**** RECORDS TO USE ****

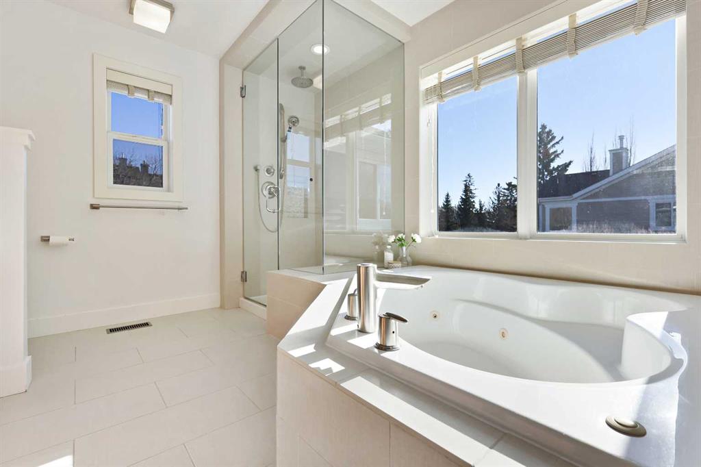 Upstairs, you’ll find three generously sized bedrooms—including a primary suite with a walk-in closet and ensuite equipped with in-floor heat, double vanities and a jet soaker tub. The west sunlight floods the upper level and is highlighted by a bonus loft area ideal for an office or reading/play area for the kids.
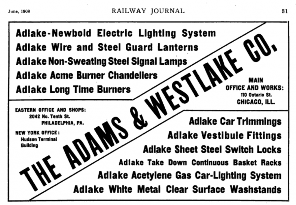 “The word ‘ADLAKE,’ the trademark of the company, has become synonymous with the word ‘BEST’ in the minds of the careful buyers in the railway field,” claimed a 1911 Adams & Westlake Co. advertisement. And indeed, that reputation was carrying into other, more modern modes of transport, as well.
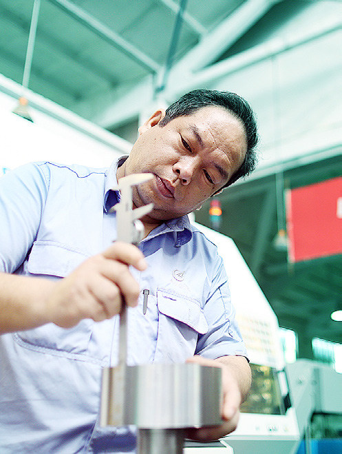 1992年进入洪都公司钳焊液压附件厂工作的马跃辉原本是一名退伍军人,在零件加工方面没有任何基础。跟师傅学了半年车床工作后,由于当时外协任务量大,他就被安排到铣工的岗位上。
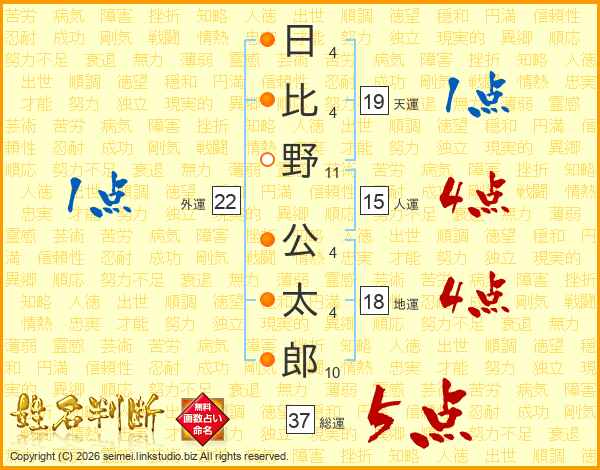 日(4画)比(4画)野(11画) 公(4画)太(4画)郎(10画)
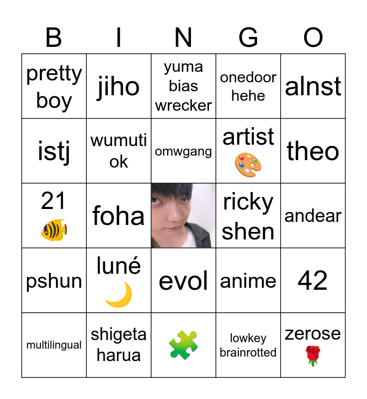 This bingo card has a free space and 24 words: luné 🌙, shigeta harua, omwgang, multilingual, alnst, pretty boy, istj, jiho, ricky shen, evol, artist 🎨, 21 🐠, anime, 42, wumuti ok, lowkey brainrotted, andear, yuma bias wrecker, theo, foha, zerose 🌹, pshun, onedoor hehe and 🧩.
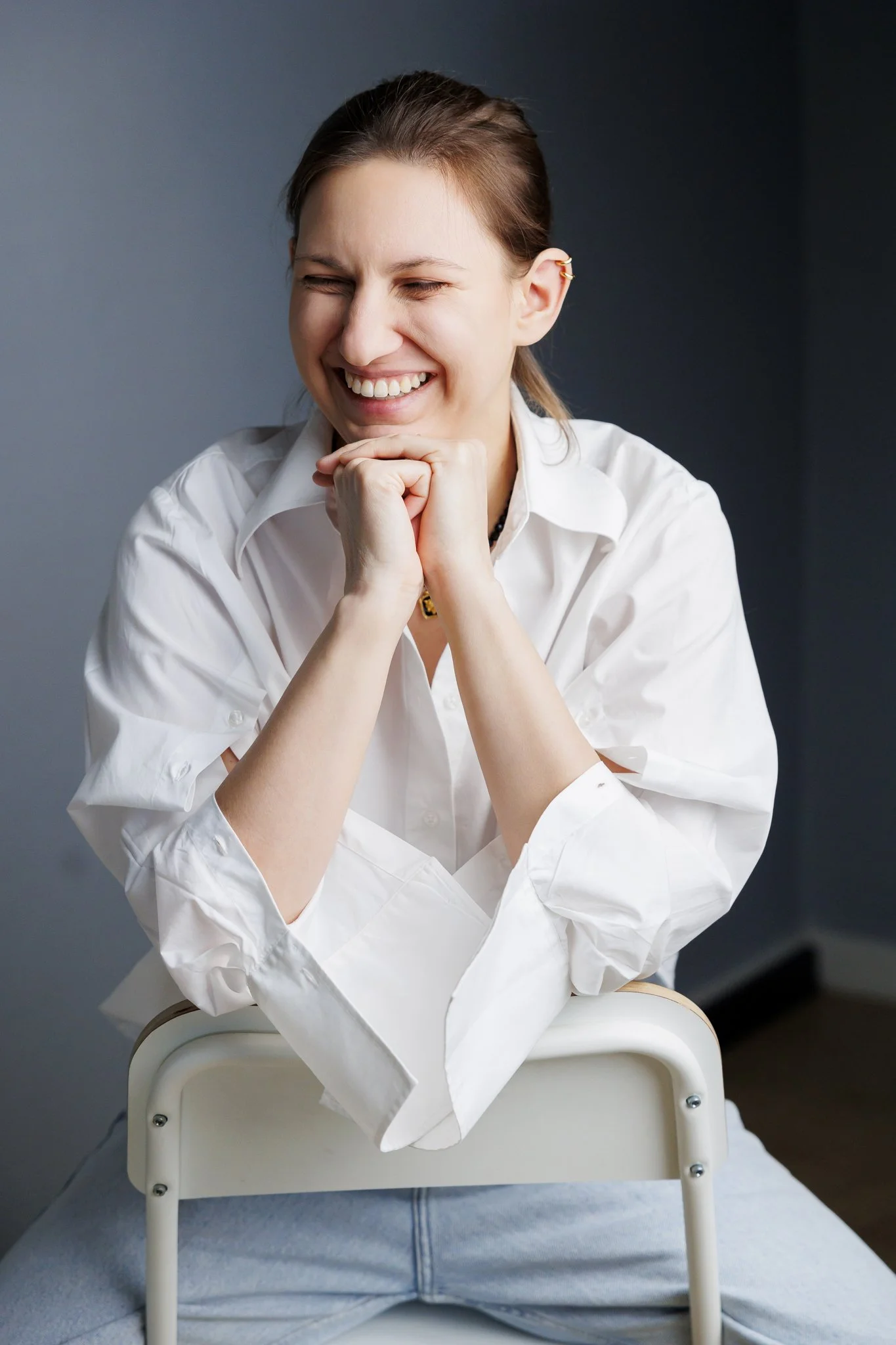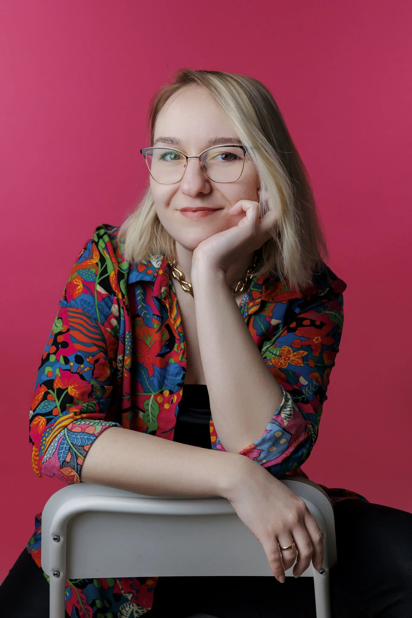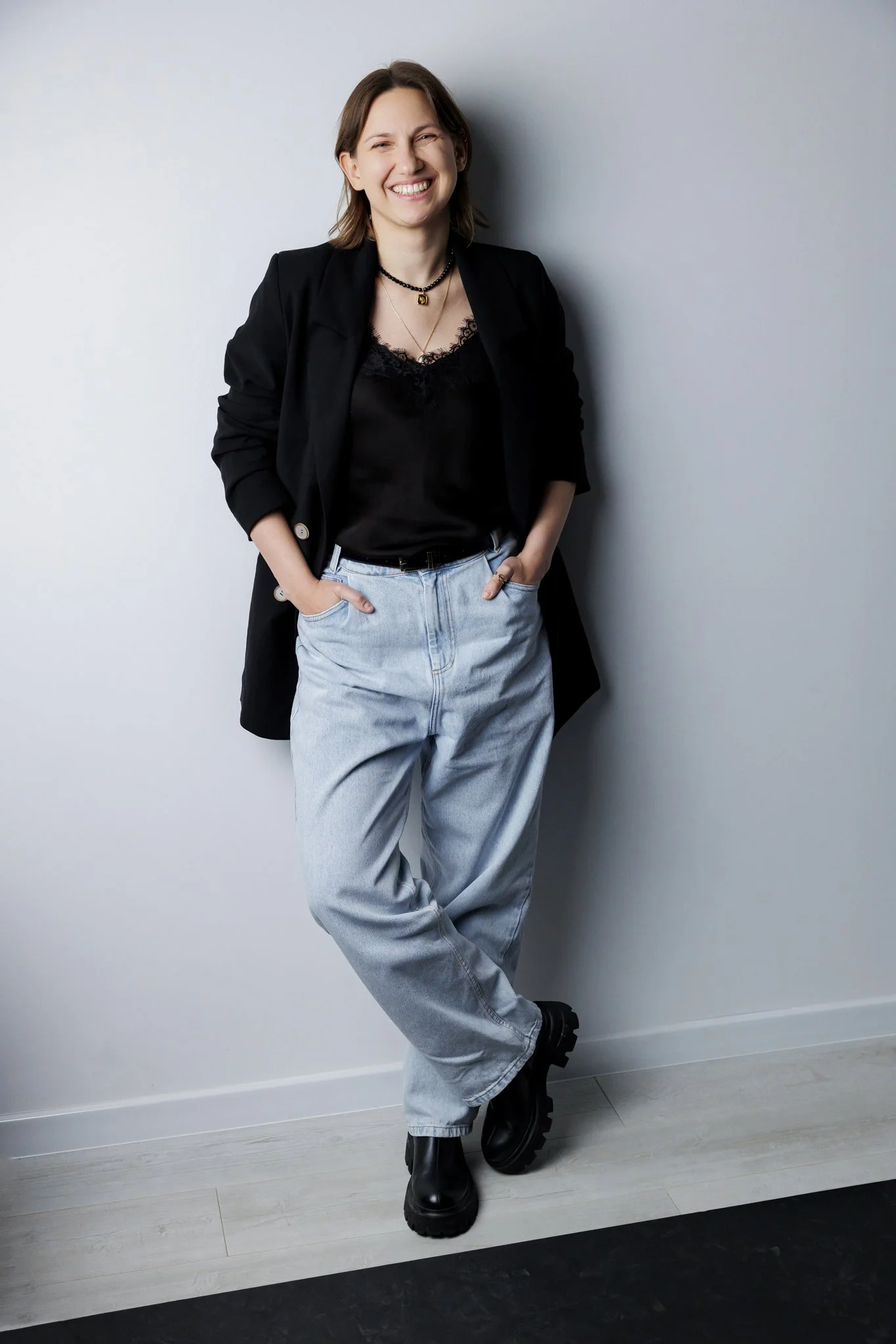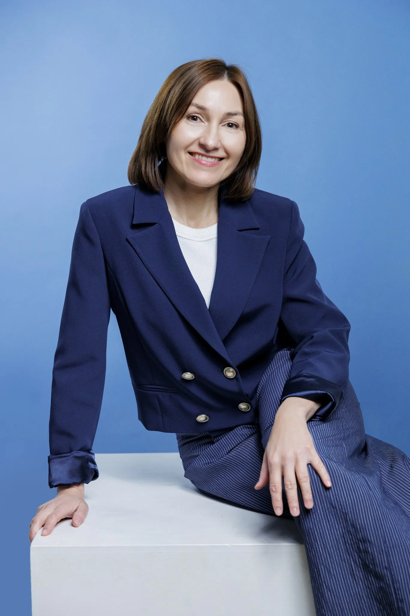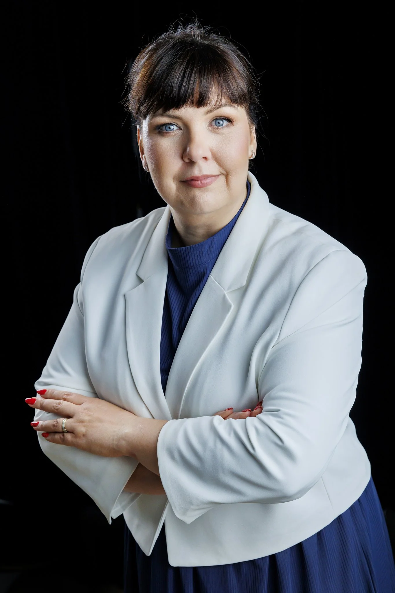 Studio daje największą kontrolę nad światłem, tłem i estetyką kadrów. To świetne rozwiązanie, jeśli zależy Ci na eleganckich, czystych, ponadczasowych zdjęciach, które dobrze sprawdzą się na stronie internetowej, LinkedInie i w materiałach eksperckich. Studio jest też dobrym wyborem dla kobiet, które chcą zacząć od spokojniejszej, bardziej uporządkowanej formy sesji.

****

**TASK OBJECTIVE**
Write out the records exactly. Do not carry the pictures over.

**WRITTEN ANSWER**
 Upstairs, you’ll find three generously sized bedrooms—including a primary suite with a walk-in closet and ensuite equipped with in-floor heat, double vanities and a jet soaker tub. The west sunlight floods the upper level and is highlighted by a bonus loft area ideal for an office or reading/play area for the kids.
 “The word ‘ADLAKE,’ the trademark of the company, has become synonymous with the word ‘BEST’ in the minds of the careful buyers in the railway field,” claimed a 1911 Adams & Westlake Co. advertisement. And indeed, that reputation was carrying into other, more modern modes of transport, as well.
 1992年进入洪都公司钳焊液压附件厂工作的马跃辉原本是一名退伍军人,在零件加工方面没有任何基础。跟师傅学了半年车床工作后,由于当时外协任务量大,他就被安排到铣工的岗位上。
 日(4画)比(4画)野(11画) 公(4画)太(4画)郎(10画)
 This bingo card has a free space and 24 words: luné 🌙, shigeta harua, omwgang, multilingual, alnst, pretty boy, istj, jiho, ricky shen, evol, artist 🎨, 21 🐠, anime, 42, wumuti ok, lowkey brainrotted, andear, yuma bias wrecker, theo, foha, zerose 🌹, pshun, onedoor hehe and 🧩.
 Studio daje największą kontrolę nad światłem, tłem i estetyką kadrów. To świetne rozwiązanie, jeśli zależy Ci na eleganckich, czystych, ponadczasowych zdjęciach, które dobrze sprawdzą się na stronie internetowej, LinkedInie i w materiałach eksperckich. Studio jest też dobrym wyborem dla kobiet, które chcą zacząć od spokojniejszej, bardziej uporządkowanej formy sesji.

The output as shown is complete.